Why would HIH have wanted to hire prior members of its external audit team?

The company believes that hiring the past auditors will best provide a reliable audit report since, they are well conversant with the company operations and also they are expert in financial matters since, the company must have had good working experience with the audit team in the past.

Advantages of having the same firm provide both the auditing and consulting services

The benefit of same audit firm auditing the company as well as providing non audit services is that the company will take advantage of efficient methodology in term of detailed expertise and aptitude of the current auditors since practitioners experienced comprehensive thoughts of the business situations and are well equipped with the operations of the company externally.

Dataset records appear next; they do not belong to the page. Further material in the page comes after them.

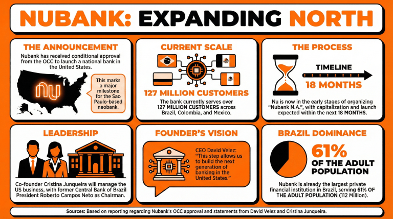 Nubank在获得美国货币监理署(OCC)的有条件批准后,正在向美国扩展,推出Nubank N.A.
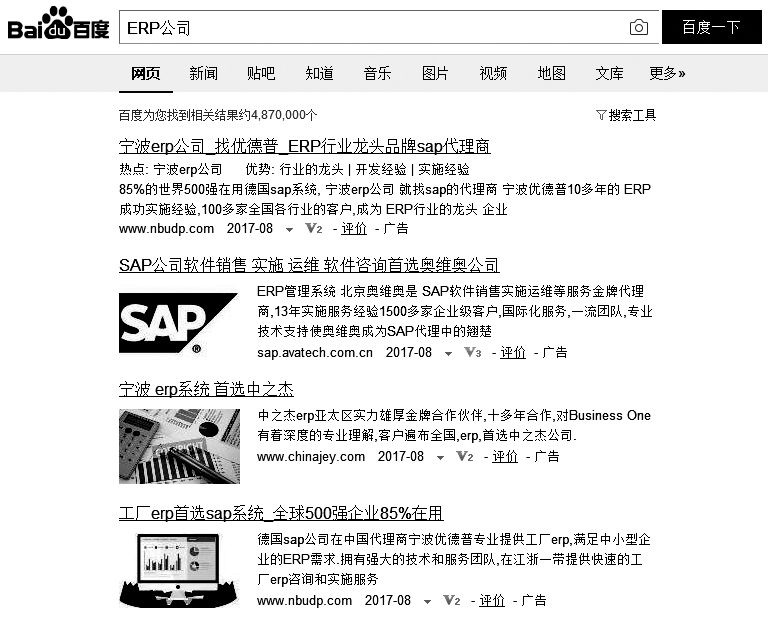 图3-10 在宁波地区用百度搜索“ERP公司”的首屏搜索结果
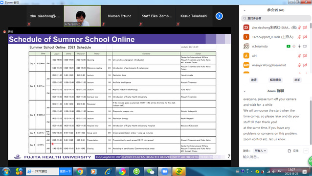 中日双方公司对此项活动高度重视,在筹备阶段进行了双方多次线上沟通。本次夏令营实行国际化小班教学活动,入营员工共 27人,包括best365官网入口注册医学影像技术专业8名本科员工,日本藤田医科大学放射线专业10名本科员工,泰国KhonKaen大学3位员工,泰国Chulalongkorn大学6位员工,另安排了日本藤田医科大学放射线专业2位3年级员工及8名硕士研究生担任小组活动指导。日本藤田医科大学的专业老师为夏令营的同学们呈上了精彩的线上学习体验。中日双方外事工作教师全程参与了活动管理。
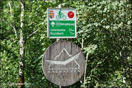 Am Abzweig nach Anzenbach trifft man auf die Schilder des "Nationalparks Kalkalpen".

Whether these circumstances represent a violation of ethical standards

The provision of non audit services by the same auditors of the company doesn’t necessary lead top violation of ethics and code of conduct given the fact that the audit company is in full compliance with audit guidelines and at the same observing the ethics of integrity and competency in their work. The institution moral conduct does not allow practitioners to provide non audit services to customers where it may lead to a threat to the independence where there is no enough safety that exist. As a result, the auditors must leave the job as an audit of the company and continue to provide non audit services to avoid the conflict of interest (Adelopo, 2016).

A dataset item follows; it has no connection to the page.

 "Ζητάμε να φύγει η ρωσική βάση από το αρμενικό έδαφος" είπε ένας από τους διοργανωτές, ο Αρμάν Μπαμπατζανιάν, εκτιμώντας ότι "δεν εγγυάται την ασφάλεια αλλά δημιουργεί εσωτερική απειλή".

The existence of expert on audit services leads to the growth in the need for expert advice within the business in order to support the business advantage in a competitive business environment. The benefit of non audit services is that auditors have wide knowledge and expertise in audit and business operations because, audits are trained to understand the complexity of business dynamics in all perspectives of business operations and because the independence point of view may explore the problems that may be a hindrance to the business. The standards on the combined code of conduct of corporate governance provides that audit committee is required to manage the links with the practitioners and guarantees that the state of non audit services is under review. The audit committee must approve to ensure that the independence and impracticality of the practitioners is not compromised.

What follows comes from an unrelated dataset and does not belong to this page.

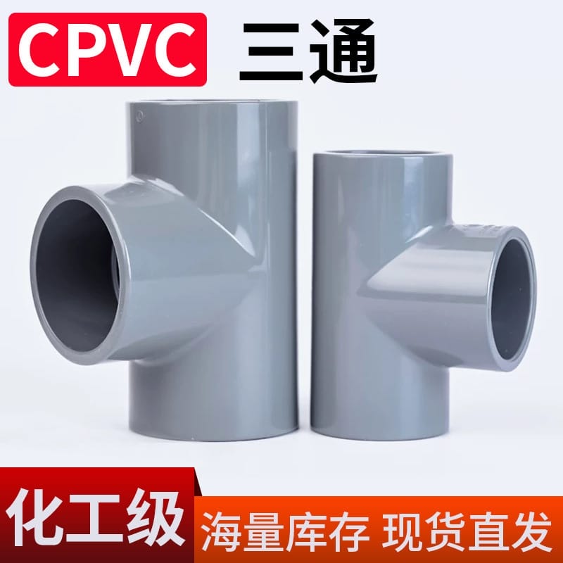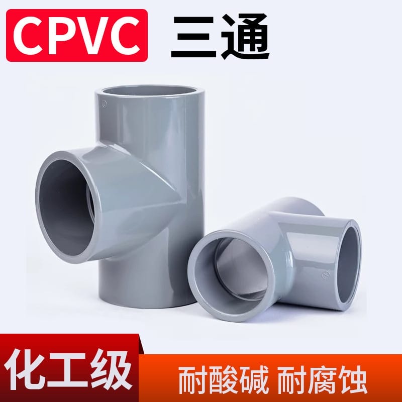 〉 PVC-C耐腐蚀耐高温塑胶工业三通管浅灰色塑胶工业配件环琪工业管

The primary recommendations for audit reform proposed by the Ramsay Report and CLERP 9

The Ramsay Report recommends the envisage of comprehensive legislative plans of auditors independence in the corporation Act which may be supplemented by the independence of auditors policy in the expert code of ethics. The bill addresses the need by guaranteeing that the broad regulatory structure controlling the audit oversight and independence plan. The bill maintains the co-authoritarian approach to audit sovereignty. While the corporation Act comprises of some provision directed at some employment and financial links, the specialist rules issued by the accounting standards com price of the detailed requirements. The bill hence incorporates the recommendation of the Ramsay report with the objectives of establishing the best practices that is required by Auditor’s independence in Australia. The effect that the change will have on the auditing practices is that it will lead to accountability and enhanced responsibility because, practitioners independence will be improved which is an implication that the an audit report is free of material statement as well leads to collapse of the business like the HIH insurance company (Singleton, 2007).

Reference list

Adelopo, I. (2016) Auditor Independence: Auditing, Corporate Governance and Market, New York: London.

Arens, A. (2013) Auditing and Assurance Services, London.

Gay, G. (2012) Auditing and Assurance Services in Australia, Sydney : Springer.

Jeremy, L. (2011) Performance Auditing: Contributing to Accountability, Sydney : Springer.

Reiner Quick (2007) Auditing, Trust and Governance: Developing Regulation in Europe, New York.

Robert, M. (2009) Brink’s Modern Internal Auditing: A Common Body of Knowledge, New York: Cingage Learning.

Singleton, T. (2007) Fraud Auditing and Forensic Accounting — Page 75, Sydney: Springer.

Whittington, R. (2012) Principles of Auditing and Other Assurance Services, London : Cingage learning.